Study Pinpoints Potential Risk Factors for Peripheral Nervous System Conditions in SLE
High blood pressure and a skin condition characterized by a netlike pattern of reddish-blue skin discoloration — livedo reticularis — may be risk factors for peripheral nervous system manifestations in systemic lupus erythematosus (SLE), a retrospective study suggests.
The nervous system is made up of two components: the central nervous system (CNS), which includes the brain and spinal cord, and the peripheral nervous system (PNS), which encompasses nerves and neurons that reside or extend outside the brain and spinal cord to innervate organs, muscles, blood vessels, and glands.
SLE can affect both the central and peripheral nervous systems, and research suggests that disorders of the PNS in SLE are a major cause of morbidity.
Nonetheless, “to date, little is known about the actual prevalence of PNS involvement in SLE (PNSLE) or the demographic and specific immunological factors associated with this type of involvement,” investigators said.
Using 14 years (2000-2014) of patient records, investigators from the University of Ferrara in Italy set out to determine the prevalence of peripheral nervous system involvement in 1,224 SLE patients. Researchers made sure to distinguish between manifestations caused by SLE from non-SLE ones.
Eighty-five (6.9%, mostly women) of the 1,224 patients had experienced at least one peripheral nervous system manifestation. A total of 97 PNS events were reported.
“In two cases, the event preceded the diagnosis of SLE, and in 26 patients, PNS involvement appeared at the onset of the disease, while in the remaining 57 patients, PNS involvement appeared more than three months after the diagnosis of SLE,” researchers reported.
Peripheral nervous system manifestations of 61 out of the 85 patients were linked to SLE.
Polyneuropathy, also known as peripheral neuropathy, was the most common PNS event observed (38 cases, 39.2%), followed by cranial neuropathy (30 cases, 30.9%).
Polyneuropathy refers to damage of the peripheral nerves and is the most common type of disorder of the peripheral nervous system in adults, specifically in the elderly.

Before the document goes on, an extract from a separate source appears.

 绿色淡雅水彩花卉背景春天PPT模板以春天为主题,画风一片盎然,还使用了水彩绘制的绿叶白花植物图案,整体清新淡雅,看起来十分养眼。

In contrast, cranial neuropathy occurs when there is damage in the nerves that arise from the brain and brainstem, which can affect the ability to move or feel the face.
Age of SLE onset was significantly higher in patients who had peripheral nervous system complaints (mean age 45.9 years), in comparison to sex- and SLE duration-matched SLE patients without central or peripheral manifestations (control group, mean age 37.1 years).

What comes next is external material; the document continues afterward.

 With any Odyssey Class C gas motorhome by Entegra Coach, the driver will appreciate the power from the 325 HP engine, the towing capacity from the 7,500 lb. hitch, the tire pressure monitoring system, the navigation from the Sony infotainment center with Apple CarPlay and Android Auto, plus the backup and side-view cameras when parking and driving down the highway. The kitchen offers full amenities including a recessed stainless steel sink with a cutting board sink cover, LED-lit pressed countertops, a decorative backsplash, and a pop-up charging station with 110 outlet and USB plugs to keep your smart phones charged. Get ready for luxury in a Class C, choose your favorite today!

PNS SLE subjects were also likely to have severe disease, as measured by the Systemic Lupus Erythematosus Disease Activity Index 2000 (SLEDAI-2K) and the Systemic Lupus International Collaborating Clinics/American College of Rheumatology (SLICC/ACR) damage index.
Regarding generic risk factors in the PNS sample, smoking habit, diabetes, and high blood pressure were more often reported, but livedo reticularis was the only specific one to be correlated with PNS involvement in SLE.
PNS SLE patients also had a higher chance of having both chronically high blood pressure (hypertension) and livedo reticularis at the same time.
Patients were treated following the recommendations of the European League against Rheumatism (EULAR) for the management of neuropsychiatric lupus.
Cranial neuropathies were managed with corticosteroids and immunosuppressants, and neurotrophic and antipsychotic drugs were used in polyneuropathies.
Investigators reported improvements in 63.6% of polyneuropathy cases linked to SLE, whereas 18.2% of SLE-related polyneuropathy cases worsened over time.
All non-SLE cranial neuropathy cases improved and only one patient’s SLE-linked peripheral nervous system clinical status worsened.
Although the prevalence of PNS involvement in this study sample was similar to previous research, there’s no doubt that peripheral nervous system manifestations are a potential complication of SLE.
The Italian team concluded that “careful neurological assessment should therefore be included in the diagnostic workup of patients with systemic lupus erythematosus, especially in those with later onset and greater damage and disease activity.”